Unravelling Glycochemistry with Ion Mobility Spectrometry and Gas-Phase Spectroscopy

Oligosaccharides or glycans are essential in nature and central participants in virtually every biological process. The extensive structural diversity enables glycans to encode rich information in biological functions; however, it also creates major challenges in almost all aspects of the glycosciences. The synthetic formation of glycosidic bonds during glycan assembly for example, is mechanistically still not fully understood. This is largely a result of highly-reactive, but short-lived glycosyl cation intermediates, which are difficult to study using established techniques. However, the structure of these intermediates dictates the stereochemistry of the resulting glycosidic bond, the control of which is absolutely crucial for a successful synthesis. An equally important aspect is the sequencing of glycans, which is generally complicated by the frequent occurrence of isomers. This is further complicated by poorly understood rearrangement reactions during mass spectrometric analysis, which often lead to erroneous structural assignments. Here as well, cationic intermediates are the key species that determine the outcome of the rearrangement.

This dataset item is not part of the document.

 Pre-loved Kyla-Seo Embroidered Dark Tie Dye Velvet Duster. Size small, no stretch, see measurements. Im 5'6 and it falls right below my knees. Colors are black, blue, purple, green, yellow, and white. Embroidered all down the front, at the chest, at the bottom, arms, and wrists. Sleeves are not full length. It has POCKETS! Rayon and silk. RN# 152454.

The aim of GlycoSpec is to unravel fundamental aspects of oligosaccharide reaction and fragmentation mechanisms by probing cationic glycan intermediates. To achieve that, a unique combination of instrument and method development (ion mobility-mass spectrometry and cold-ion spectroscopy), chemical synthesis and theory will be used. The gain in mechanistic understanding will provide the basis to tailor building blocks and reaction conditions and is expected to lead to a major advancement in glycosynthesis. The mechanistic understanding of fragmentation reactions will furthermore lead to general rules for the prediction of tandem mass spectra. Just like in the early years of proteomics, this will make the technology automatable and accessible for broader applications. Therefore, GlycoSpec will help to initiate the pursuit of glycomics.

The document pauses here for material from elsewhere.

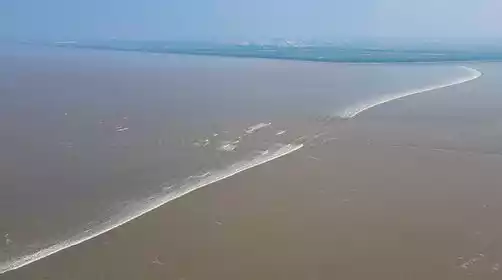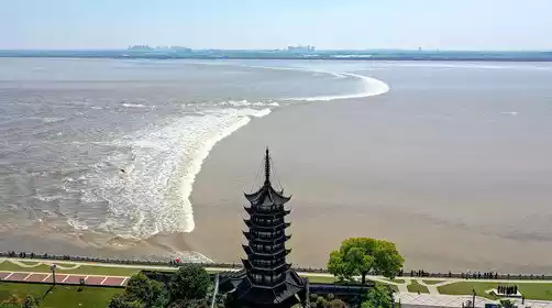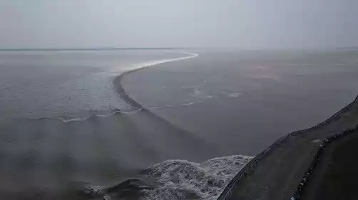 The spectacular Qiantang River tides are caused not only by the gravitational pull of the moon and sun, but also by the trumpet-shaped shape of the Qiantang River's estuary. When a large amount of water surges in from the Qiantang River's estuary, the river's surface shrinks rapidly, preventing the tide from rising evenly. Consequently, the waves behind push against the waves in front, which can't move quickly enough, allowing the waves behind to catch up, creating a layer upon layer of water.

During the first half of GlycoSpec two major aspects were in focus: 1) the purchase and assessment of a commercially available IMS instrument that will later be modified for spectroscopic experiments and 2) the analysis of reaction intermediates from glycosylations and other chemical reactions using existing instrumentation. Both have been achieved successfully. The instrument has been purchased and was extensively tested using various molecular classes. In order to implement tagging spectroscopy, we teamed up with external collaborators who provide the required technology. The first prototype cold ion trap is currently in production and will be tested within the next couple of months. In parallel, a variety of experiments on reactive species has been performed on using an existing instrumental setup that utilized droplets of superfluid helium to achieve cryogenic temperatures for spectroscopy experiments. In particular, we elucidated the molecular structure of fluorinated glycosidic (Eur. J. Org. Chem. 2022) and Ferrier-type (Org. Lett. 2020) reaction intermediates. More importantly, we recently succeeded for the first time to link the knowledge on the intermediate structure with the chemical properties of the leaving groups and use this information to tune glycosylation reactions (J. Am. Chem. Soc. 2023). This proof-of-principle experiment is one of the major aims of GlycoSpec and will now be used as a blueprint for the tuning of other glycosylation reactions. Finally, the technique was used to explore reactive intermediates and rearrangement reactions in other molecular classes such as the autohydrolysis of RNA (Angew. Chem. Int. Ed. 2022) or the fragmentation of lipids (Anal. Bioanal. Chem. 2022) and lead to the identification of the final product of fucose migration in glycan tandem MS experiments (Angew. Chem. Int. Ed. 2023)

An important aspect of GlycoSpec that clearly goes beyond state-of-the art is the development of an easy-to-use IMS-IR-MS instrument that is based on a commercially available backbone. The work on the prototype is progressing well and on the long run it will help to democratize gas-phase IR spectroscopy technology for a broader use, not only in glycomics, but also in lipidomics and metabolomics applications. In addition, we recently assessed the potential of artificial intelligence for the structural annotation of gas-phase IR spectra of unknowns (J. Am. Chem. Soc. 2023). The data impressively shows that it is possible to unambiguously identify unknown molecules using database spectra of known related compounds. As a consequence, it is not necessary to cover the full chemical space of all analytes with synthetic standards, which is difficult if not impossible for certain molecular classes such as glycosaminoglycans or metabolites.